Breastfed Babies Become More Intelligent Adults

Adults who were breastfed as babies tend to have higher intelligence, spend longer at school, and earn more income, regardless of their family's social class. 

Adults who were breastfed as babies tend to have higher intelligence, spend longer at school, and earn more income, regardless of their family’s social class. These results come from a new study out of Brazil that followed 6,000 individuals, beginning in their infancy, over the course of three decades. 


About 3,500 of the study’s participants, who are now 30-year-old adults, recently sat down to take a standard intelligence test. When researchers compared their scores with other data collected during the last 30 years, they found a positive correlation between having been breastfed and succeeding in life. 

Leader of the study, Dr. Bernardo Lessa Horta, said from the Federal University of Pelotas, Brazil:

“Our study provides the first evidence that prolonged breastfeeding not only increases intelligence until at least the age of 30 years, but also has an impact both at an individual and societal level by improving educational attainment and earning ability.”

While the study cannot account for all possible causes of school success — perhaps mothers who breastfed were also better tutors to their children — it does rule out family income as an explanation for success or failure.
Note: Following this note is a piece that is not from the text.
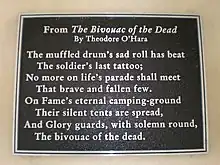 "Bivouac of the Dead" is a poem written by Danville, Kentucky native, Theodore O'Hara to honor his fellow soldiers from Kentucky who died in the Mexican-American War. The poem’s popularity increased after the Civil War, and its verses have been featured on many memorials to fallen Confederate soldiers in the Southern United States, as well as memorials in Arlington National Cemetery, including Arlington's gateway.[1]
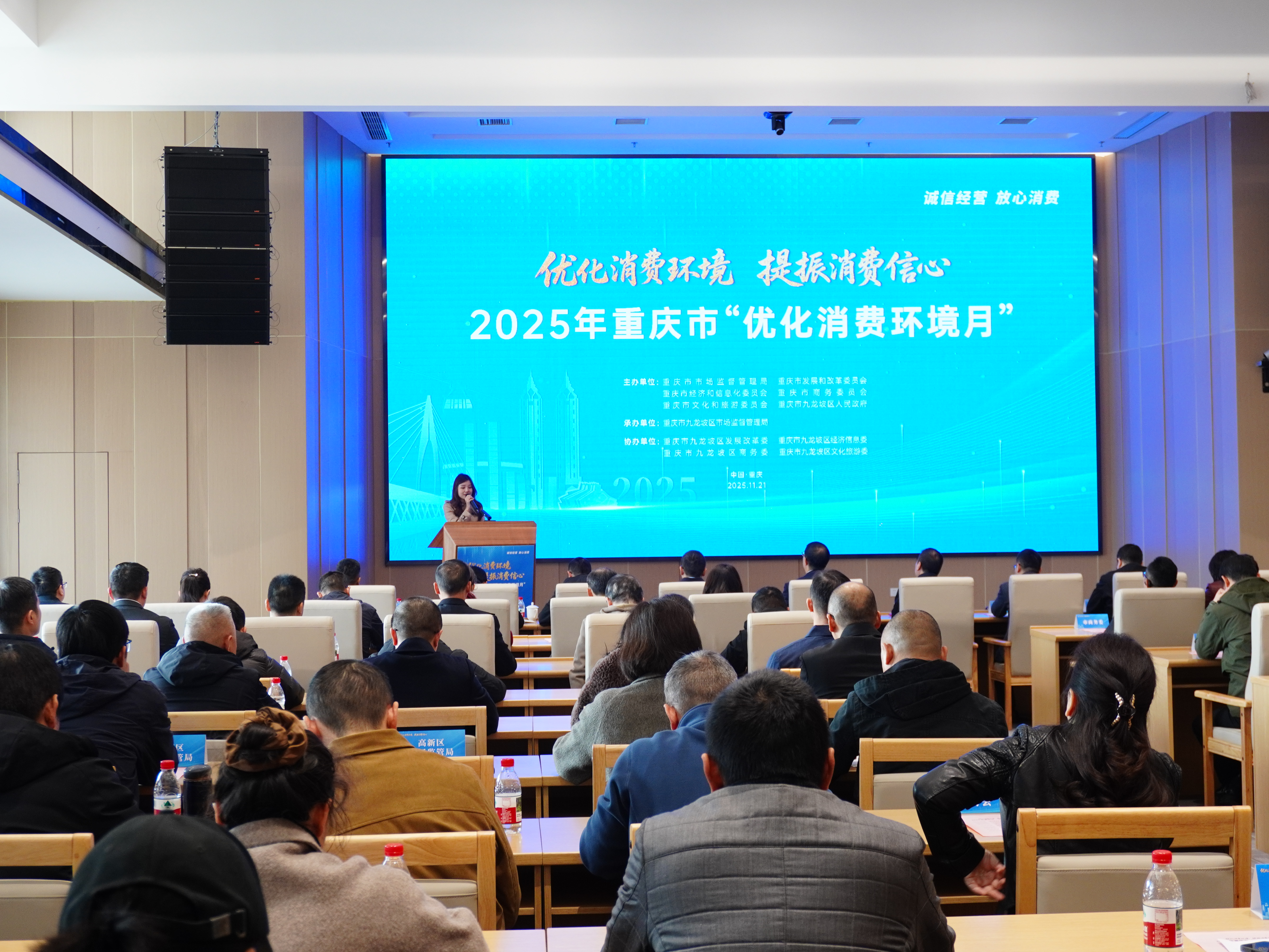 11月21日,2025年重庆市“优化消费环境月”主场活动在九龙坡区举行。本次活动由市市场监管局、市发展改革委、市经济信息委、市商务委、市文化旅游委和九龙坡区人民政府联合举办,九龙坡区市场监管局承办。参加主场活动的有市级有关部门和单位、中心城区各市场监管局、成都市成华区市场监管局、九龙坡区有关部门和单位、行业协会和企业代表、消费维权志愿者代表等。

The reason, say researchers, is that at the time of the study, all Brazilian families breastfed their children, unlike in countries like Britain and the US where formula was thought healthier than mother’s milk.

It’s likely that breast milk helps the brain develop during the formative months of infancy, when the child begins taking in the world for the first time. In her Big Think interview, nutritionist and real foods advocate Nina Planck discusses the scientific turnaround concerning breast milk and how society has benefited form it:

“Breast milk is also very important to the growing child because it not only provides complete nutrition and provides a number of antibodies and really enhances immunity in multiple ways, but it develops and matures the digestive tract and the immune system. So it has effects … it affects the whole developing child. Two of the three systems, which are immature at birth, immunity and digestion, are greatly enhanced by breast milk.”